次の瞬間、ドラマは起きた。第4コーナーに差し掛かる直前、武豊が急に走り込もうとするサイレンススズカの手綱を強く引いて、その走り込もうとする勢いを止めに掛かった。アナウンサーは絶叫した。「サイレンススズカに異変です。どうしたサイレンススズカ?!

武豊は、それでも冷静だった。後の馬の動向を気にしながら、手綱を押さえて、サイレンススズカを隅に寄せた。一瞬にして14万人を飲み込んだ東京競馬場が凍ったようになった。
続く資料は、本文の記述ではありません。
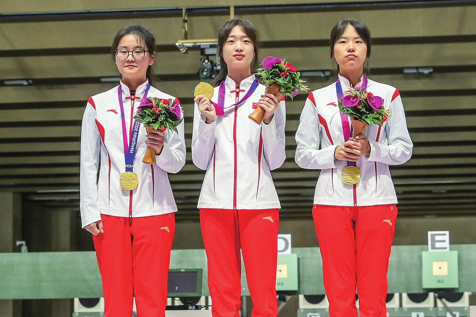 新华社杭州9月24日电(记者林德韧、王春燕、郑梦雨)杭州亚运会射击比赛24日开赛,由三名“00后”选手黄雨婷、韩佳予和王芝琳组成的中国队发挥出色,拿到女子10米气步枪团体冠军,17岁的黄雨婷拿到女子10米气步枪个人金牌。
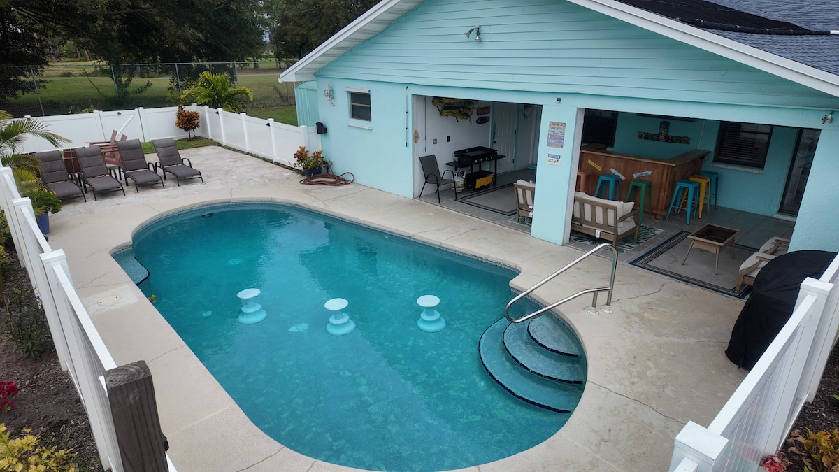 Breezy 4BR en campo de golf + piscina climatizada + Tiki Bar

何とか軽傷であって欲しいというすべての人の願いもむなしく、結果は、最悪だった。サイレンススズカは、サラブレットにとって致命傷の左前脚の粉砕骨折という悲劇に見まわれていた。その後、この5歳の雄馬は、直ぐさま安楽死処分となった。騎乗した武豊は「理由なんてありません。この前より馬の調子は良かったし、僕が乗った中では1番だった。自信を持ってレースに臨んだ。これだけの馬だけに…、運が悪かったとしか…、何とも言えないです」と力無く答えるのが精一杯だった。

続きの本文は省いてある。